RESTAKING NARRATIVE: In a sign of just how hot “liquid restaking protocols” have become among crypto speculators, the new blockchain projects are hitting major money milestones within weeks of their launches. Liquid restaking protocol Puffer passed the mark of $1 billion in deposits on Tuesday, according to DefiLlama, fewer than three weeks after opening to users on Feb. 1. Meanwhile Kelp DAO, the third-largest liquid restaking protocol, introduced the KEP or “kelp earned points” token, allowing users to trade the otherwise illiquid EigenLayer points and rewards. What appears to be at the heart of it all is crypto “points farming” – essentially traders trying to score points doled out by the projects to early users; the theory is that these points will entitle them to receive tokens in an eventual airdrop; the risk is that these promises are kept quite vague.

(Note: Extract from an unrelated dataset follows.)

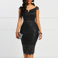 Saashi V-Neck Lace Dress for Women Short Sleeve Slim Fit Casual Summer Outfit

Top picks of the past week from our Protocol Village column, highlighting key blockchain tech upgrades and news.

Liquid Restaking Tokens or ‘LRTs’ Revived Ethereum DeFi. Can the Hype Last?

Decentralized finance on Ethereum is seeing a big resurgence, with the familiar promise of high yields returning thanks to a new breed of crypto asset: “liquid restaking tokens,” or LRTs.

In the past month alone, billions of dollars have flooded into new Ethereum-based liquid restaking projects like Ether.Fi and Puffer, each with their own LRTs. The upstart platforms are in a heated turf battle to supplant Lido’s staked ETH (stETH) token as the asset of choice for decentralized finance (DeFi) traders.

The entire trend pivots off the development of a new protocol named EigenLayer, which launched a first-of-its-kind “restaking” system to Ethereum last June. The platform is building a solution to let blockchain apps and networks borrow Ethereum’s security system, and it drew more than $1 billion in new deposits in a single 24-hour period this month. Now, the total amount is over $7 billion, meaning the platform has singlehandedly amassed more than 1.5% of all ether (ETH) tokens in circulation, according to DefiLllama.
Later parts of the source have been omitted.